WHAT IS EXPECTED
Print exactly the lines below between the line containing "Celebrate and remember" and the line containing "本次毕业设计中期交流会旨在帮", counting both of those lines. Leave pictures out.

SUPPLIED RECORDS

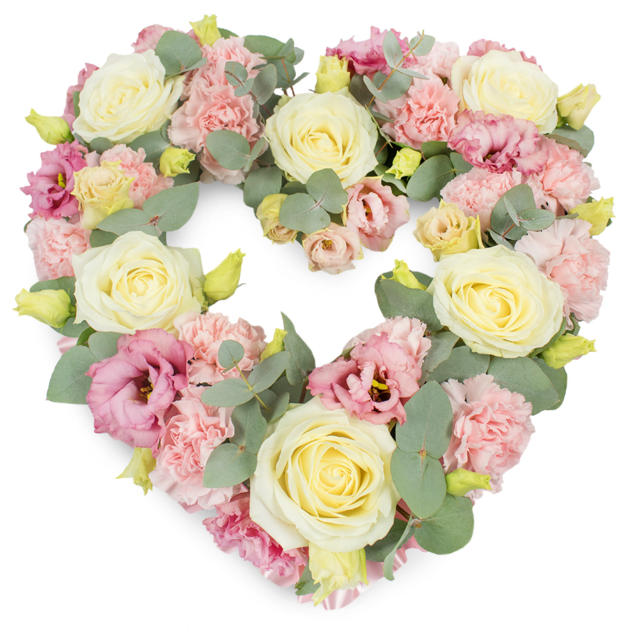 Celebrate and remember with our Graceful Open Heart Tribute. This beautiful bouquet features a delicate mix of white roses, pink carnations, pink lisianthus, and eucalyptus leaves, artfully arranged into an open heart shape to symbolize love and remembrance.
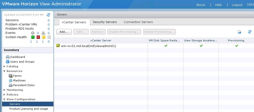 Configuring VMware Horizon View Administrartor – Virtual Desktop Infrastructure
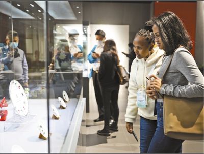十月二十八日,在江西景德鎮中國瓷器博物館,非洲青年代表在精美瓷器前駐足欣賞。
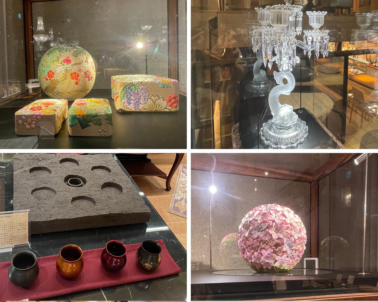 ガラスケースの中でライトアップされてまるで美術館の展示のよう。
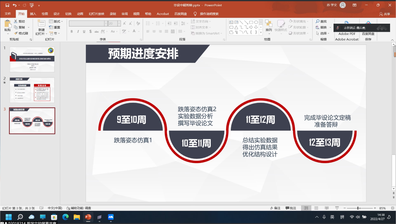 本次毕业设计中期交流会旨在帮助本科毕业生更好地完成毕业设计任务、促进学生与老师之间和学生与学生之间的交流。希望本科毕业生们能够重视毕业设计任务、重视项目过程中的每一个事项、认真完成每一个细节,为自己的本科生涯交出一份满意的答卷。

* * *

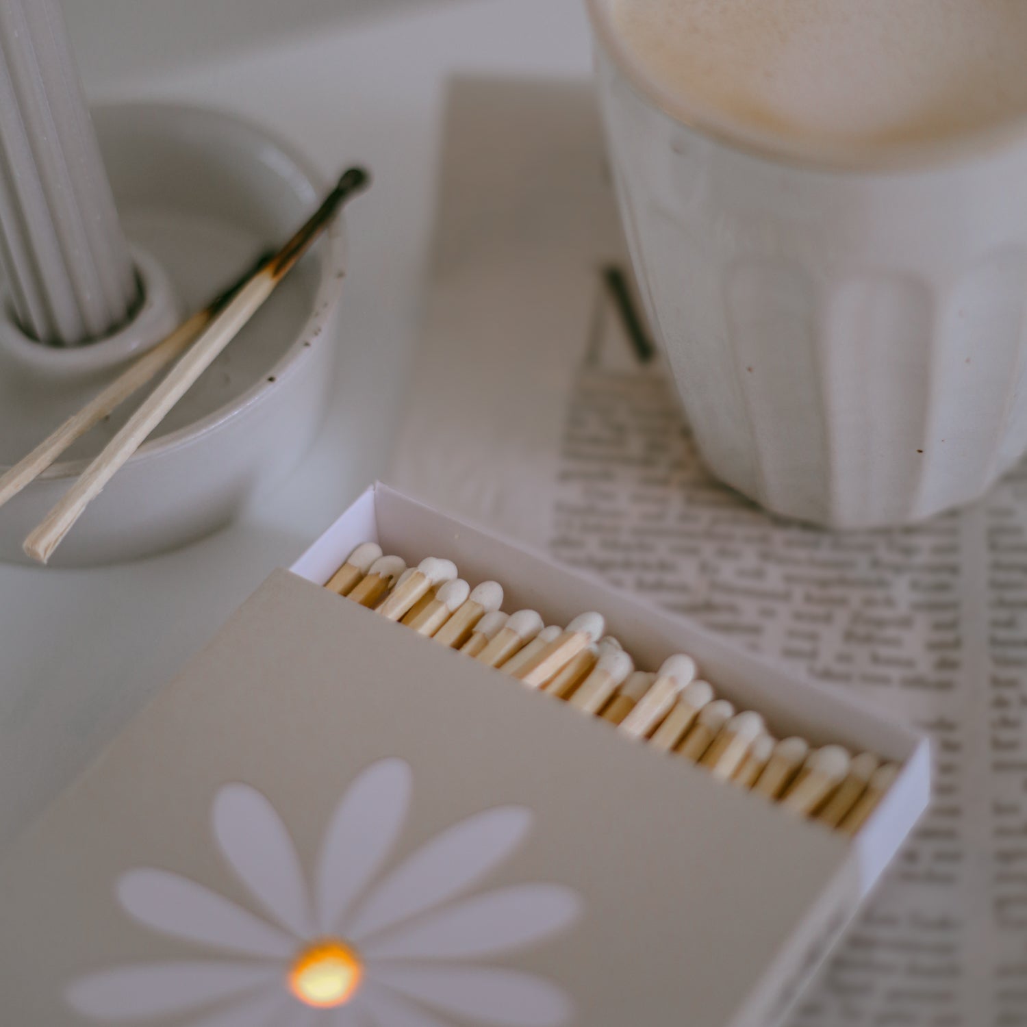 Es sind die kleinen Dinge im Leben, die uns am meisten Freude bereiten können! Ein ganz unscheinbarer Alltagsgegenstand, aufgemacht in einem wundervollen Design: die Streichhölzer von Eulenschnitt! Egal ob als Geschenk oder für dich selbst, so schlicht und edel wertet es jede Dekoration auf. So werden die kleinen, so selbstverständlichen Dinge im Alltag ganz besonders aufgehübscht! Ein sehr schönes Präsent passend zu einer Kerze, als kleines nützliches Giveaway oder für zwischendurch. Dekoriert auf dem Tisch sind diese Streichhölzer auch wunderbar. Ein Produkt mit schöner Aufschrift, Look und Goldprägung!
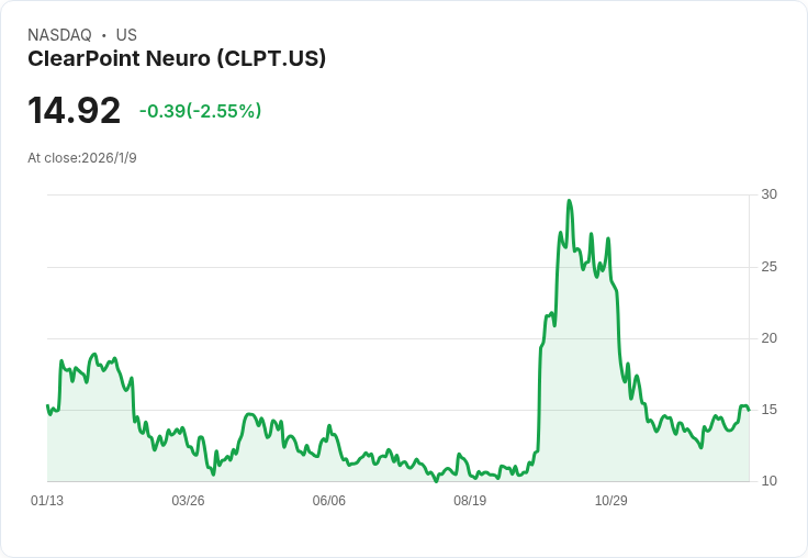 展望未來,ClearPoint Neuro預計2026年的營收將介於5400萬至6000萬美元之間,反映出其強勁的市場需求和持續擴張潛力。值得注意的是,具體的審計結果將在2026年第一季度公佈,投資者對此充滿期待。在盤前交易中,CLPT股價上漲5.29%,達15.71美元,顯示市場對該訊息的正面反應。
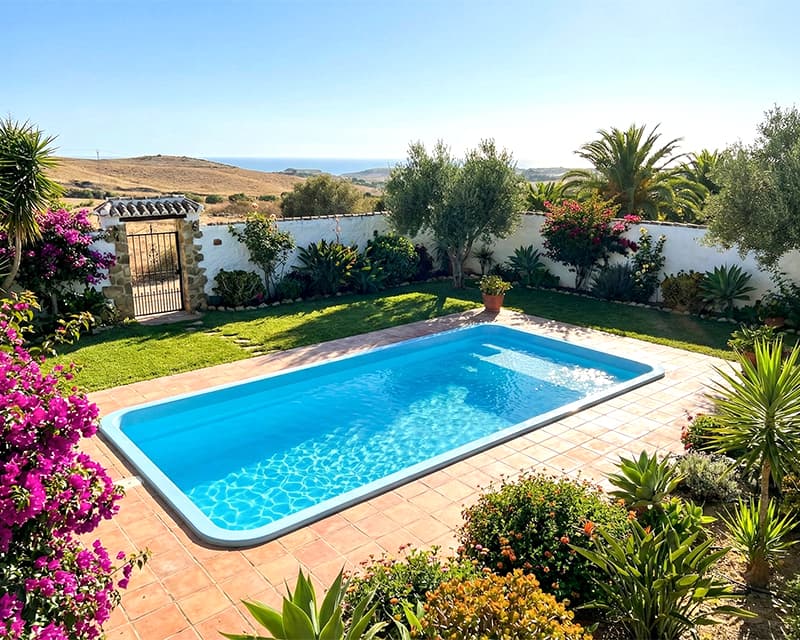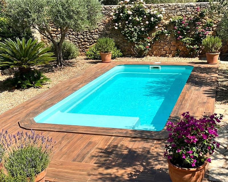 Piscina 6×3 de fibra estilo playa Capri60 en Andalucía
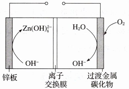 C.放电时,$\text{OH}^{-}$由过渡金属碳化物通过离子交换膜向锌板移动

ANSWER BELOW
 Celebrate and remember with our Graceful Open Heart Tribute. This beautiful bouquet features a delicate mix of white roses, pink carnations, pink lisianthus, and eucalyptus leaves, artfully arranged into an open heart shape to symbolize love and remembrance.
 Configuring VMware Horizon View Administrartor – Virtual Desktop Infrastructure
十月二十八日,在江西景德鎮中國瓷器博物館,非洲青年代表在精美瓷器前駐足欣賞。
 ガラスケースの中でライトアップされてまるで美術館の展示のよう。
 本次毕业设计中期交流会旨在帮助本科毕业生更好地完成毕业设计任务、促进学生与老师之间和学生与学生之间的交流。希望本科毕业生们能够重视毕业设计任务、重视项目过程中的每一个事项、认真完成每一个细节,为自己的本科生涯交出一份满意的答卷。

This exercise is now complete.